Canadian Nurses Association (CNA)

[Addendum 27-March-2011]
The following url from CNA gives an overview to international applicants on becoming a Registered Nurse or Midwife in Canada.

[Addendum 27-March-2011]
For the other Canadian provinces and territories, please refer to the following link from CNA for the relevant Registered Nurses regulatory bodies.

Saturday, October 09, 2010

Landed in Canada

Day 1 (4-Oct): Received "Information for Newcomers" and "Welcome to Canada" guides from the C.A.N.N. (Canadian Airport Newcomers Network) at the airport. The C.A.N.N. lady was very helpful and informative. She went through step-by-step what I needed to get done for the next few days and where/how to get help. PR card application completed by Immigration Officers at airport. Taxi to home. Unpacked luggage.

Day 2 (5-Oct): Bought groceries. Settled my SIN (Social Insurance Number) at a Service Canada Centre. The Service Canada officer gave me a "British Columbia Newcomers' Guide to Resources and Services". It has good information and a checklist of things to be done by newcomers.
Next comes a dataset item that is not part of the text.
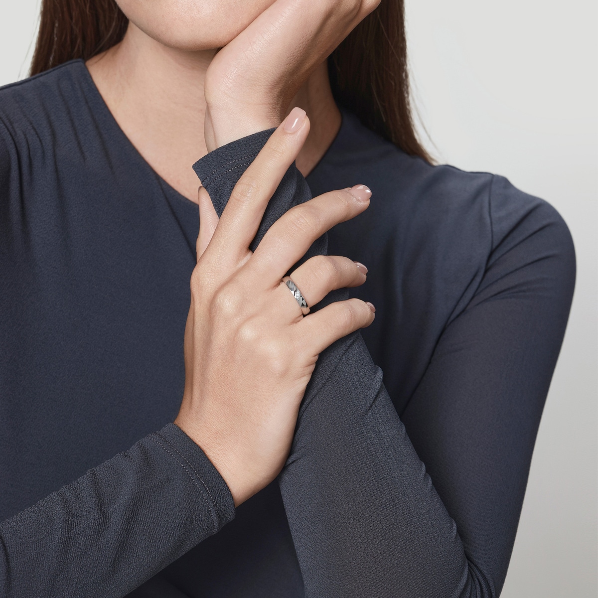 周生生950鉑金鑽石戒指,以豐富層次堆疊出獨特造型,與美鑽相互呼應,彷如彼此靠近的愛情軌跡,猶如「星宇」中的浪漫邂逅,燦若星辰,亦適合日常配襯,時尚百搭。

Obtained the Richmond Library card and a Canadian mobile phone.

Day 3 (6-Oct): Opened bank accounts and applied for credit card. Tagged the Vancouver Library registration to the Richmond Library card. Hung out with new friend HC, went to Oakridge and Metrotown.

Day 4 (7-Oct): Laundry and drying done. Bought Monthly FareCard for travel on all public transport. Sent out MSP (Medical Services Plan) application. Dinner and movie at Vancouver with another new friend SL and her Toronto friend. I suspect SL invited me because she wanted me to play gooseberry.

Day 5 (8-Oct): Jet lag finally hit... I am totally sleepy today. Thankfully no headache. Now that all the critical paperwork are completed, I allowed myself to rest for the day.


Think I'm settling down ok. Distances that looked long on Google Map are actually nearer in reality. E.g. A 20 min walk estimated by my landlord is actually only 10-15 min. Or maybe I walk very fast for a Canadian pace?

Still acclimatising to the cold. Nevertheless, I'm improving. Needed 5 layers on top (thermal top, long-sleeve T, cashmere sweater, thin padded coat, mid-thigh length down-padded coat) initially for a 14 degree Centigrade weather, but I'm ok with 3 to 4 layers now. Still 3 layers at bottom (thermal bottom, leggings, jeans/pants). Socks and long boots for footwear. Well, I have a good excuse. I have just arrived from Singapore, where the coldest temperature is around 24 degree Centigrade.

Richmond is very Asian. Chinese and Cantonese are commonly heard. Many shops have both large Chinese and smaller English labels. I think my non-English speaking parents will be so at home here, ha ha!

While I like the friendly and relaxed suburban feel of Richmond, I prefer the more cosmopolitan mix of Vancouver. However, people in Vancouver are more hurried and less friendly than Richmond (although still better than Singapore). Perhaps it's due to Vancouver being a city/downtown area. Maybe I will check out Burnaby in future.